Din hakkında dünya kadar okumuş kişiler dini bilmiyor da elleri ayakları öpülen ya da üfürükçülük yapan cin çıkaran kişiler dini biliyor değil mi,ya da türbelerden medet uman halkımız dini biliyor, o tarikatlerden ,hocalardan, mahallenin hocasından öyle öğrenen halkımız biliyor.
Dinde mezhep diye bişey yoktur mezhepler peygamberimizden sonra ortaya çıkmıştır onun için de sen ya da kimse şii ya da aleviliğin din dışı olduğunu söyleyemez iddia edemez, ayrıca aleviler namaz kılmazlar ama şiiler kılar. Namaz kılmasa ya da oruç tutmasa bile bi insan kelimei şahadet getirdiyse müslümandır ona müslüman değil deme hakkı kimsenin yoktur.
-
Re: Yargıtay: Türban laikliğe aykırıdır...
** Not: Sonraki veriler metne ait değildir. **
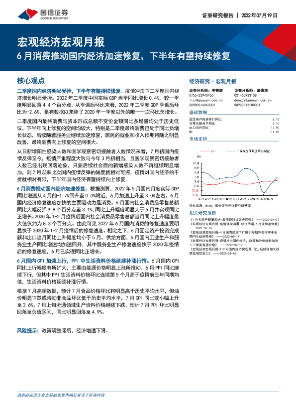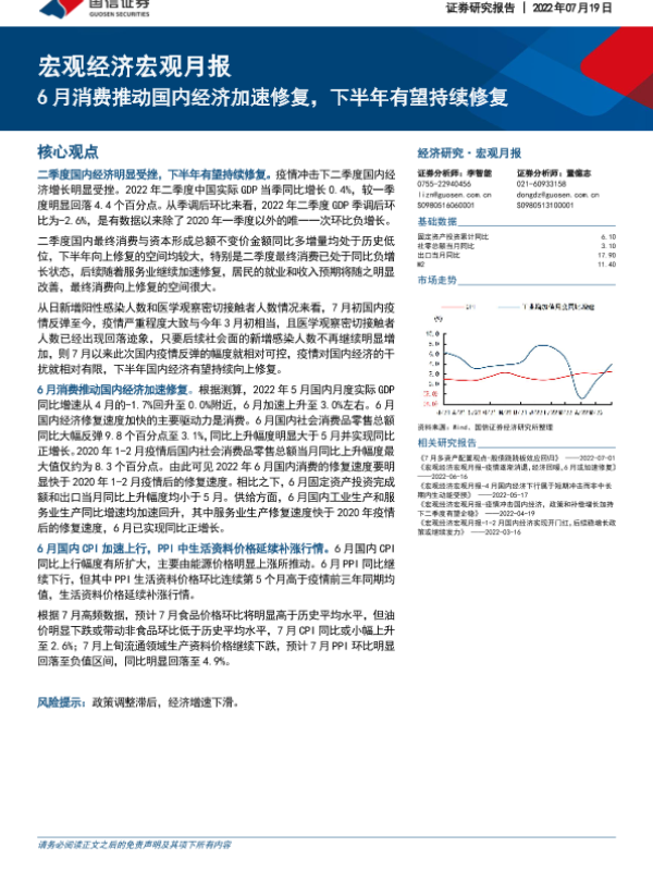 【国信证券】【20220719】宏观经济宏观月报:6月消费推动国内经济加速修复,下半年有望持续修复-27页
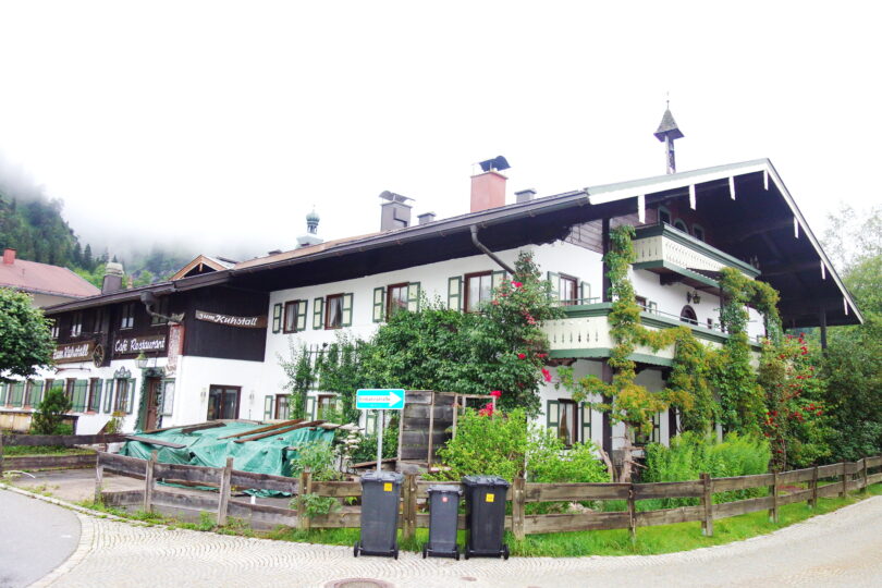 Das Gebäude Brunnenstraße 1 im Ortskern von Reit im Winkl wurde vom Landkreis Traunstein als Flüchtlingsunterkunft angemietet – links im Hintergrund das ehemalige Restaurant „Zum Kuhstall“ von Maria Hellwig
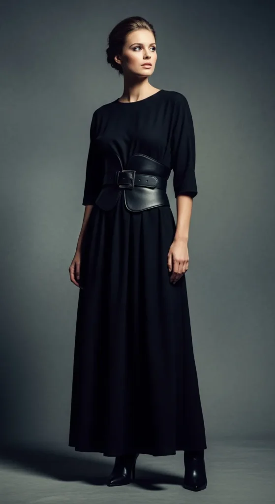 A simple flowy maxi becomes instantly styled with a statement belt. This look feels intentional yet easy, proving that small details can completely transform winter outfits.
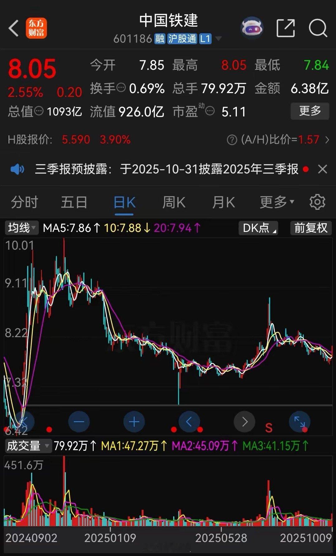 去年11月18日中国铁建最高涨到了10.01元,当时对应的大盘是3323点。今天大盘涨到了最高3936点,中国铁建股价却只有8.05元,相当于回到了大盘2800点的位置,落后大盘1000多点。
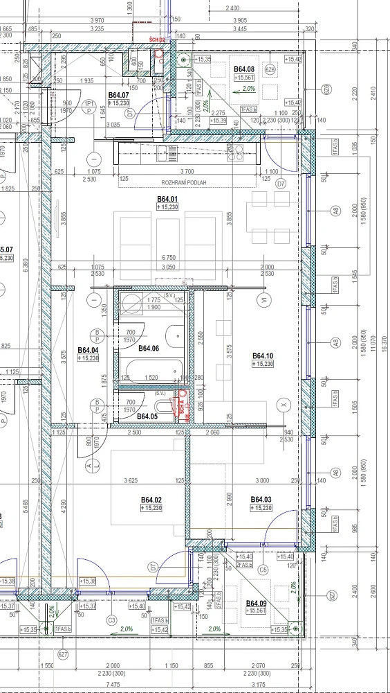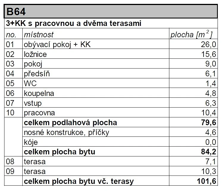 Podlahová plocha bytu: 79,6 m² Celková plocha bytu: 84,2 m² Terasy: 7,1 m² a 10,3 m²
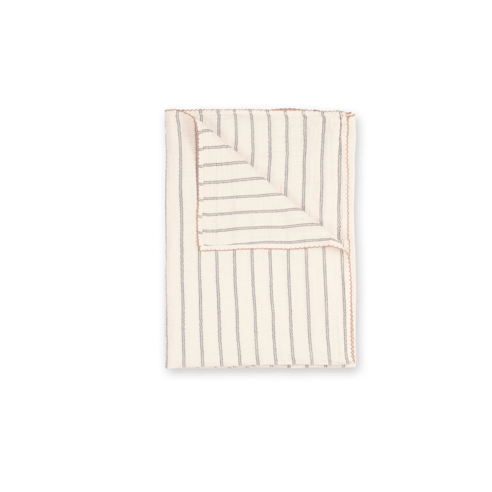 Met deze Bemini deken voor de wieg geef je jouw baby een heerlijk zacht en geborgen gevoel. De luchtige tetra stof voelt comfortabel en ademend aan en de tinny stripe in greige zorgt voor een rustige, moderne uitstraling in elke babykamer.
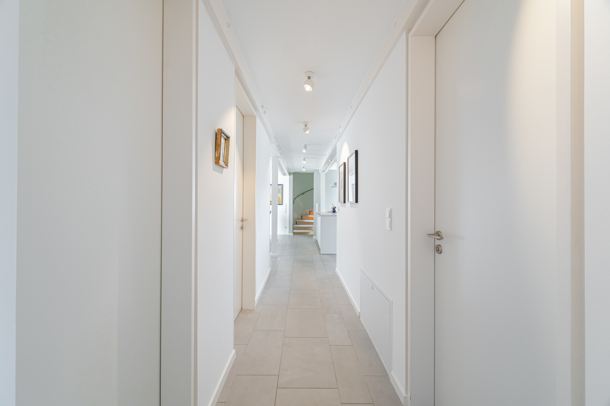 - Erdgeschoss: große Bodenfliesen und Akazien-Vollholzparkett

Aziz Nesin'in oğlu Ali Nesin, türbana destek verdiği için kardeşi Ahmet Nesin tarafından şiddetle eleştirilmişti. Ali Nesin babası Aziz Nesin'in ölmeden önce verdiği bir röpörtajdan alıntı yaparak, babasının bu konudaki düşüncesini aktardı. Bu konudaki aşağıdaki haber 7 Şubat 2008 günlü Hürriyet'ten alınmadır;
Prof. Ali Nesin: Babamın yanıtı 7 Şubat 2008
Burak ARTUNER
Üniversitelerde türban serbestisini savunan bildiriye imza atınca, Ahmet Nesin’in, "Bari babamın iki kitabını okusaydın" şeklindeki sert mektubuna muhatap olan Prof. Ali Nesin, kardeşine babasının bir röportajında
söyledikleriyle yanıt verdi.
Ali Nesin, "Aziz Nesin’in kemiklerini sızlattı diyenlere, Nesin Vakfı’ndan bağışlarını kesenlere, hatta yaptığı bağışları geri isteyenlere, bana hain, dönek, aymaz diyenlere ve ağza alınmayacak hakaretler yağdıranlara sunulur" diyerek, dün basın mensuplarına gönderdiği mektupta, babası Aziz Nesin’in ölmeden 5 ay kadar önce, 25 Şubat 1995’te Aksiyon Dergisi’nde yayımlanan bir röportajında söylediği şu sözleri referans gösterdi: "Başörtüsünü yasaklamaya çalışmak aptallıktır. Başörtülü kızların okullara alınmamasına karşıyım. Başlarını örtmesinler demek demokrasi veya laiklik demek değildir. Neden? Çünkü, ilkokuldan beri aldığı eğitim sonucu o ister istemez birgün başını örtecektir. Ama, okullardaki din derslerinin kaldırılması lazım. Veya o dersi gerçekten din dersi yapsınlar."
-
Re: Yargıtay: Türban laikliğe aykırıdır...
Alıntı:
hilaldeniz rumuzlu üyeden alıntı
Dinci gazetelerin ortak sloganı
Özgürlük !!!
Ne özgürlüğü ?
Elin de bir pankart, kafasında kese kağıdı !!!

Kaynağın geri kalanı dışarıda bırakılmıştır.